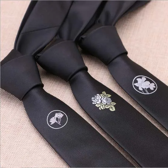 | [해외]5 센치메터 남성 패션 Disi 블랙 넥타이 꽃 로고 캐주얼 성격 스키니 슬림 파티 웨딩 넥타이 |
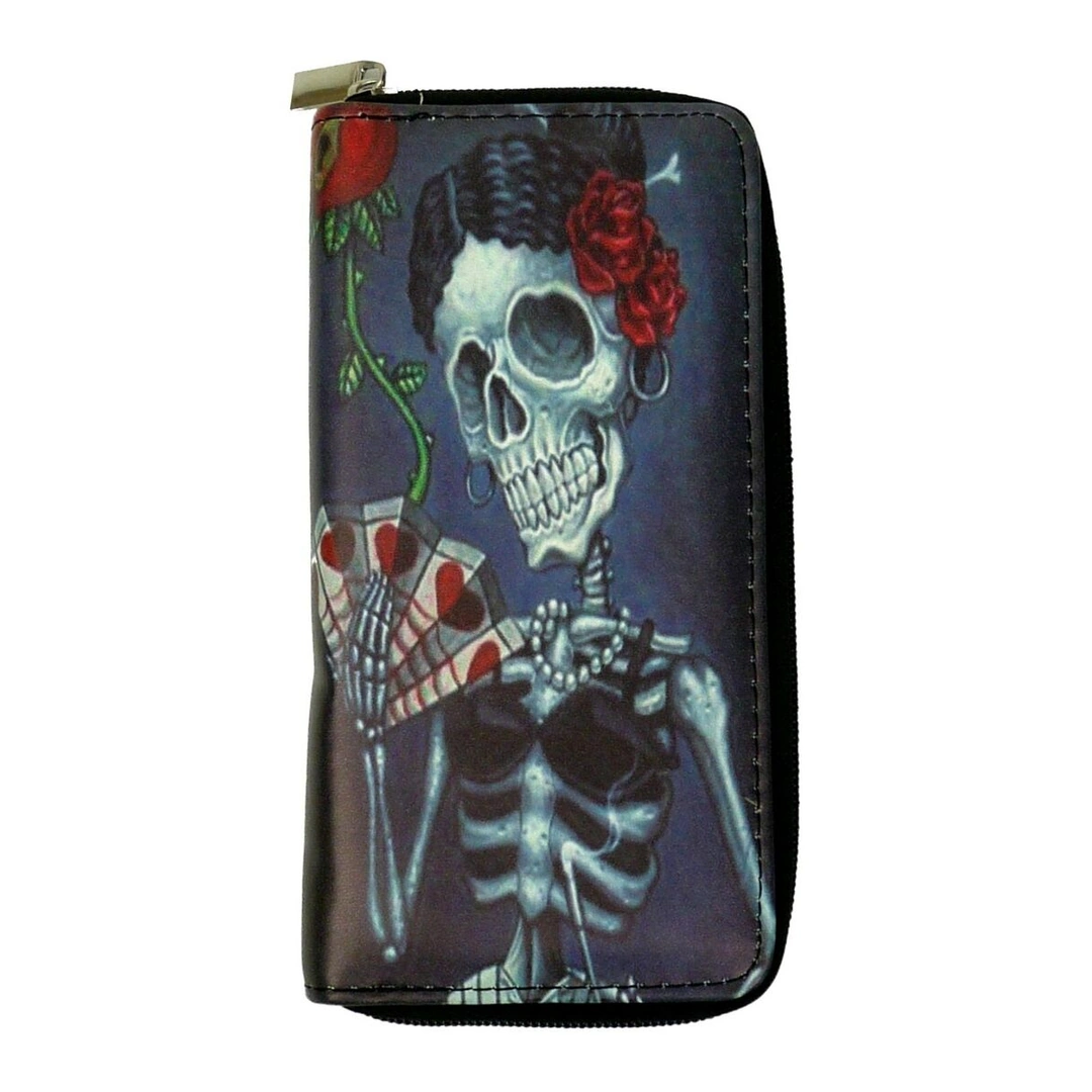 Portefeuille Gothique en Cuir Grand Format Motif Femme Squelette
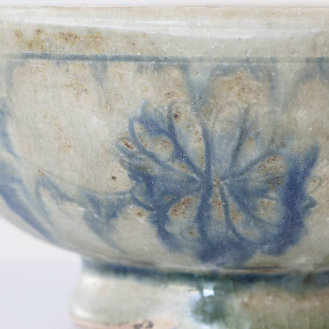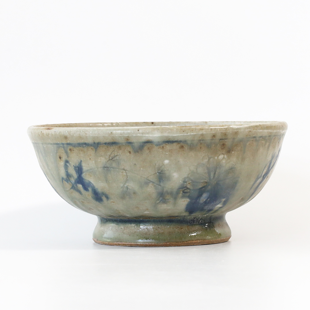 絵柄の上から灰釉をかけているので、絵柄が滲みアンティークな趣の味のある器になっています。

________

▸ **ASSIGNMENT**: Please return the full listing word for word, but without any pictures.

▸ **EXERCISE ANSWER**:
 | [해외]5 센치메터 남성 패션 Disi 블랙 넥타이 꽃 로고 캐주얼 성격 스키니 슬림 파티 웨딩 넥타이 |
 Portefeuille Gothique en Cuir Grand Format Motif Femme Squelette
 絵柄の上から灰釉をかけているので、絵柄が滲みアンティークな趣の味のある器になっています。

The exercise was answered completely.